Israeli, Arab, British and Canadian diplomats have been invited to attend a conference Monday and Tuesday at the department's Henderson auditorium.

A. Jay Cristol, a former U.S. bankruptcy court judge who has written about the incident, will be a featured speaker.

The two-day conference involves the release of historical research on the 1967 Arab-Israeli war.

David Saterfield, a deputy assistant secretary of state, will deliver the keynote address.

Critics of Israel have cited the attack on the Liberty in questioning strong U.S. support of Israel and Israel's allegiance to the United States.
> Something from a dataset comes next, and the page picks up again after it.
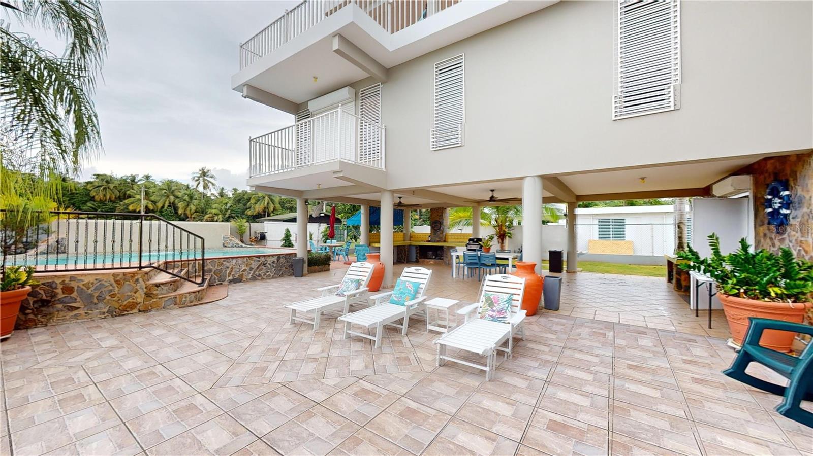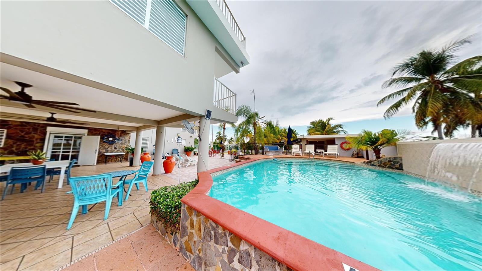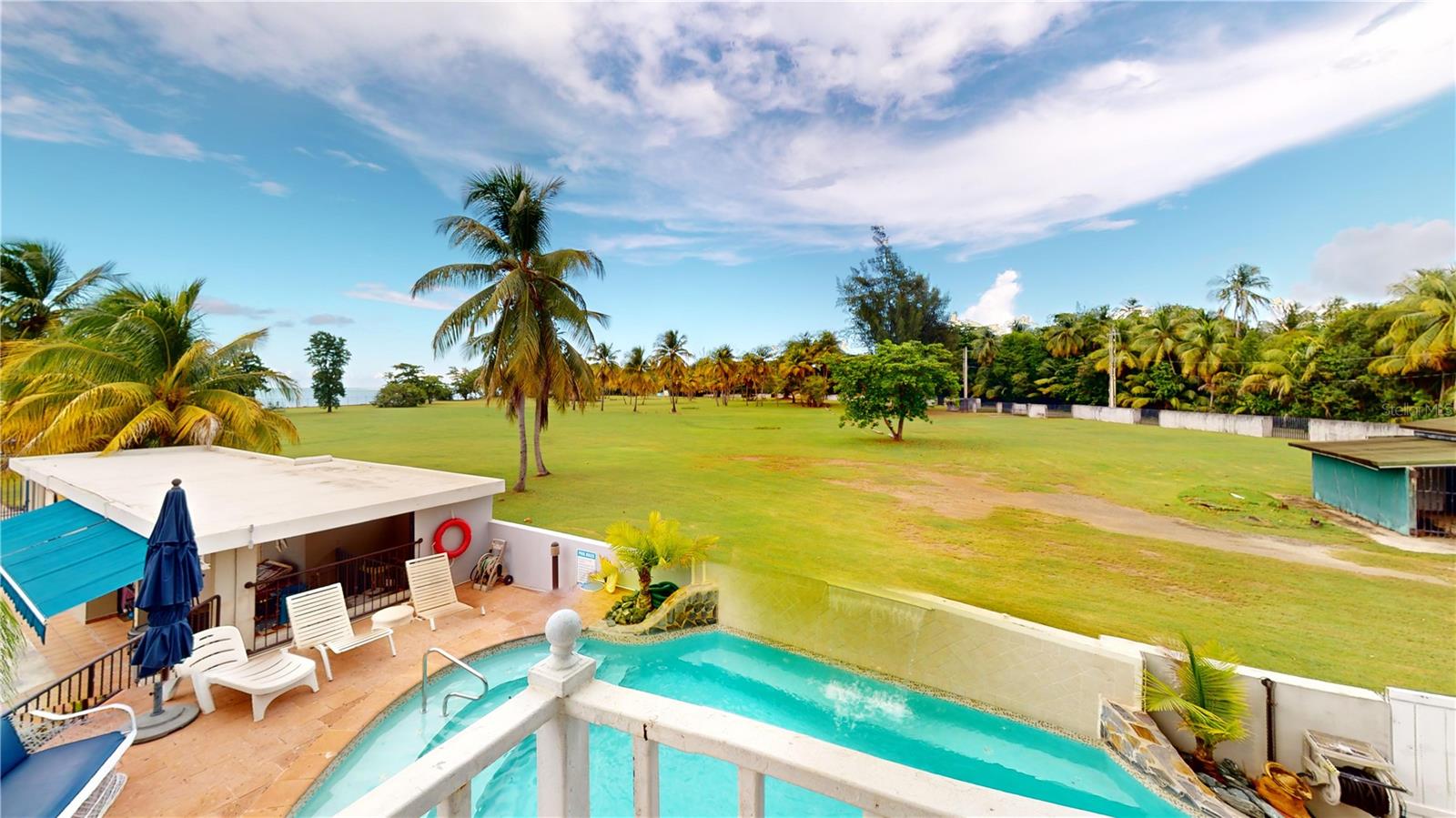 PALMA SOLA, Las Picuas, Rio Grande, Puerto Rico 5 Bedrooms · Ocean Front · Pool OFFERED AT: $2,400,000 Discover your Caribbean oasis in the quiet Las Picuas neighborhood, just five minutes from Rio Mar resort. Perfect for beach lovers, this oceanfront property is ideal for snorkeling, paddleboarding, fishing, and sailing. This solid, three-story concrete home features French doors, storm windows, roll-down security doors, a pool, patio with bar, and generator. The main house has five bedrooms and three bathrooms. The master suite has an ensuite bath, while the spacious kitchen/living area and media room provide comfort. The roof deck is built for entertaining, complete with a shaded area and bar. An oceanfront casita with a roof deck offers breathtaking Caribbean views. The gated property features a utility building with bathrooms, storage, and lush tropical landscaping.

Last October, a former U.S. Navy attorney who helped lead a military investigation into the incident said in a signed affidavit that then-President Lyndon Johnson and his defense secretary, Robert McNamara, ordered that the inquiry conclude the incident was an accident.

Retired Capt. Ward Boston said Johnson and McNamara told those heading the Navy's inquiry to ``conclude that the attack was a case of 'mistaken identity' despite overwhelming evidence to the contrary.''

Boston said he felt compelled to ``share the truth'' following the publication of Cristol's book, ``The Liberty Incident,'' which said the attack was unintentional.

The USS Liberty was an electronic intelligence-gathering ship cruising international waters off the Egyptian coast on June 8, 1967. Israeli planes and torpedo boats opened fire on the Liberty in the midst of what became known as the Israeli-Arab Six-Day War.

In addition to the 34 Americans killed, more than 170 were wounded.

Israel has long maintained that the attack was a case of mistaken identity, an explanation that the Johnson administration did not formally challenge. Israel claimed its forces thought the ship was an Egyptian vessel and apologized to the United States.

After the attack, a Navy court of inquiry concluded there was insufficient information to make a judgment about why Israel attacked the ship, stopping short of assigning blame or determining whether it was an accident.